Working of Lexical Analyzer in compiler (original) (raw)

Last Updated : 9 Jan, 2026

In the world of programming, a compiler is a tool that translates high-level code into machine-readable code. The first step in this process is handled by a component called the Lexical Analyzer.

A Lexical Analyzer, also known as a scanner, is responsible for reading the source code character by character and converting it into meaningful tokens. These tokens are then used by the next stage of the compiler for further processing.

For example, if we have the following line of code in C:

int num = 10;

The **Lexical Analyzer breaks this into tokens such as:

int → Keyword
num → Identifier (variable name)
= → Operator
10 → Numeric Constant
; → Special Symbol

By performing this conversion, the Lexical Analyzer helps simplify and structure the input for the next phase of compilation.
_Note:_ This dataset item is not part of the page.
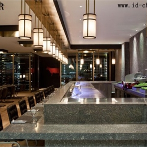 来源: 美国室内设计中文网 设计公司:亨伯特和波耶特设计机构 在2008年由亨伯特和波耶特设计机构设计,“BEEFBAR”连锁餐厅的大家庭中将会增加了一位具有国际设计风范的新成员,他坐落在墨西哥的摩纳哥。2012年上半年的时候在世界著名卡米诺酒店里正式开业。在设计这个高档的以肉类为主食的餐厅时,亨伯特和波耶特希望能够营造一种高雅却又简洁的用餐氛围。事实上,设计师埃米尔.亨伯特和克利斯朵夫.波耶特做到了。他们运用石材的纹理与温暖的肌理效果很好的表达了“BEEFBAR”连锁餐厅的设计主题。 休闲区、用餐区、自助用餐台这三个功能截然不同的空间相互穿插,不同的元素彼此介入。这些在于酒店的庭院都首次被白色大理石吧台联系在一起。 在休闲区,你会发现一个由慕拉诺岛玻璃制作而成的树枝状吊灯,再加上旁边黄色皮革质地的沙发和墙面上可以变换位置的黄色灯光带都会让你印象深刻。用餐区里,体积感很强的青铜墙面把户外人行道与用餐区严格的划分开来,使之互不影响。黑色木质画框及那些发出暖黄色光线的定制吊灯,都在渲染那种温馨的就餐环境。由大理石制成的自助用餐台,致力于生肉的的现场烹饪。顾客们在欣赏员工娴熟的操作技巧的同时也深深的体会到餐厅的特色文化。亨伯特和波耶特设计机构设计喜欢用个性化的眼光对待他的每一个案子。在墨西哥的“BEEFBAR”连锁餐厅中,他们建造了一个白色的酒吧台将整个酒店庭院与餐厅衔接,墙面上绿色的藤蔓以及吧台的颜色既是将酒店的风格延续到餐厅来,起到了一个过渡空间的作用。卫生间的洗手台也用到了吧台的那种白色大理石做基座,并且用镜面的不锈钢制作成的屏风作为阻挡。亨伯特和波耶特还将灯光打在这种屏风上,并使光线能反射到其他地方。

It also removes whitespace, comments, and detects basic syntax errors such as invalid characters.

**Types of token as following -

Identifier
Keyword
Operator
Constants
Special symbol(@, $, #)

Architecture of Lexical Analyzer

**Reading the Source Code: The lexical analyzer scans the entire source code and identifies different components like keywords, operators, variables, and symbols.

**Generating Tokens: Each identified component is converted into a token (a meaningful unit of code).

**Example: In int a = 5;, tokens generated are:

int → Keyword
a → Identifier
= → Assignment Operator
5 → Constant
; → Special Symbol

**Ignoring Extra Elements: The analyzer skips spaces and removes comments as they are not needed for execution.

Error Handling: If an invalid character or an unknown symbol is found, the analyzer reports errors along with the line number in the source file.

**Interaction with the Parser: The parser requests tokens from the lexical analyzer as needed. The lexical analyzer does not generate all tokens at once but provides them on request.

int main)(
}
x = y + z;
int x, y, z;
print("Goto GFG %d%d", a);
{

In the first phase, the compiler doesn't check the syntax. So, here this program as input to the lexical analyzer and convert it into the tokens. So, tokenization is one of the important functioning of lexical analyzer. The total number of token for this program is 26. Below given is the diagram of how it will count the token. In this above diagram, you can check and count the number of tokens and can understand how tokenization works in lexical analyzer phase. This is how you can understand each phase in compiler with clarity and will get an idea of how compiler works internally and each phase of the compiler is the key step.

**Following are the some steps that how lexical analyzer work

working-of-lexical-analyser

**1. Input pre-processing: In this stage involves cleaning up, input takes and preparing lexical analysis this may include removing comments, white space and other non-input text from input text.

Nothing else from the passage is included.